A Young Female with Left Sided Focal Seizure

Kishore D*, Khurana V**, Gambhir IS***

*Medical Officer BHU, **junior resident-department of medicine, ***Professor Department of Medicine, Institute of Medical Sciences, Banaras Hindu University, Varanasi 221005, UP, India. Received: 16.03.2009; Revised: 18.09.2009; Accepted: 19.09.2009

A 23 years old female presented with recurrent episode of left hemiparesis for 6 months. Each episode lasted for 10 to 20 min at interval of 15 to 20 days. These episodes of weakness were not associated with any seizure like activity, unconsciousness or other focal neurological deficit. Three days back patient had recurrent left sided focal motor seizure with secondary generalization. She had past history of seizure at age of six months, since then she was asymptomatic till six month back. Physical examination revealed left sided face arm leg weakness and a left extensor planter response.

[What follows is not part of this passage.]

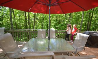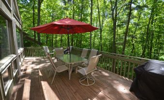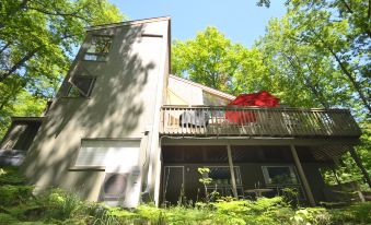 Beautiful multi-lodge style home nestled in a wooded setting. Welcomes 10 guests. Fireplace. Large outdoor deck.

A Portwine stain present on the right side of face in the region of ophthalmic and maxillary division of trigeminal nerve (Fig. 1). The examination of right eye revealed megalocornea, deep anterior chamber, increased intraocular pressure, glaucomatous optic atrophy with 90% cupping and choroidal hemangiomas. Left eye was normal on examination. Baseline investigation including hematology, serum biochemical and coagulation profile were within normal limits. Computerized tomography (CT) Scan of cranium showed gyral calcification in parieto-occipital lobe of right hemisphere (Trolly-Track appearance), dilated and tortuous vessels in ventricular system with contrast enhancement (Fig. 2A & 2B). The case was diagnosed as Sturge Weber syndrome.

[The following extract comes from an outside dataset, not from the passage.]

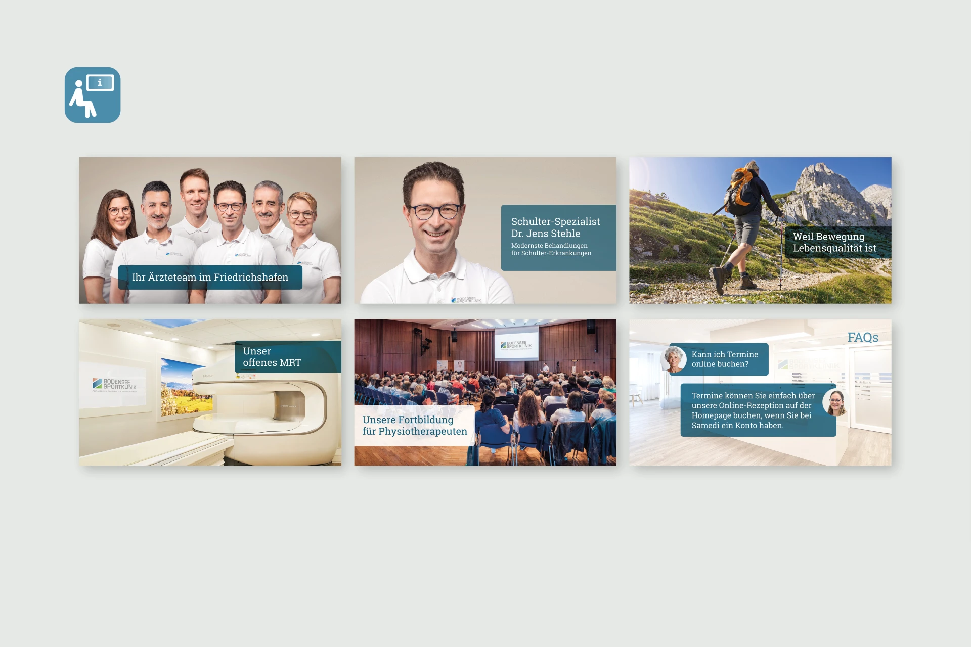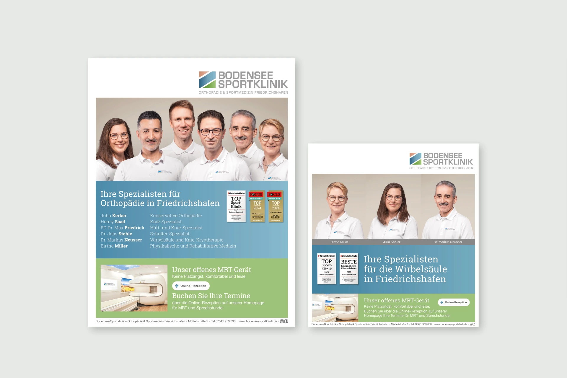 Im Jahr 2017 kam die Erweiterung. Zur Praxis kam eine Klinik mit zunächst zwei Operateuren hinzu. Eine Namensänderung war die Folge. Dazu wurde ein neues Logo entwickelt und daran abgeleitet ein komplett neues Corporate Design. Die heutige Bodensee-Sportklinik – Orthopädie und Sportmedizin Friedrichshafen entstand.

Sturge Weber syndrome is characterized by facial cutaneous angioma (portwine stain typically involving the ophthalmic division of trigeminal nerve) and an associated ipsilateral brain angioma with gyral calcification in parieto-occipital lobe. Our case was associated with glaucoma of ipsilateral eye. Principle neurological manifestations are epileptic seizure and focal neurological deficit both. Some patients may have refractory seizure, while others have long seizure free intervals without medications. Some patient may present with repeated episode of focal weakness similar to transient ischemic attacks. Generally the more extensive the intracranial lesion, the more difficult is it to fully control the seizure with medications.1 Sujansky et al2 reported 50% patients fully controlled and additional 35-40% had partial control of seizure with medication. In refractory seizures, hemispherectomy, resection of the area predominately affected or corpus callosum section sometime improves seizure control.

References

1. Bodensteiner JB, Roach ES. Sturge-Weber Syndrome: Introduction and Overview. In: Bodensteiner JB, Roach ES, eds. Sturge-Weber Syndrome. Sturge Weber Foundation. Mt Freedom, New Jersey. 1999.
2. Sujansky E, Conradi S. Outcome of Sturge Weber Syndrome in 52 adults. Am J Med Genet 1995;57:35-45.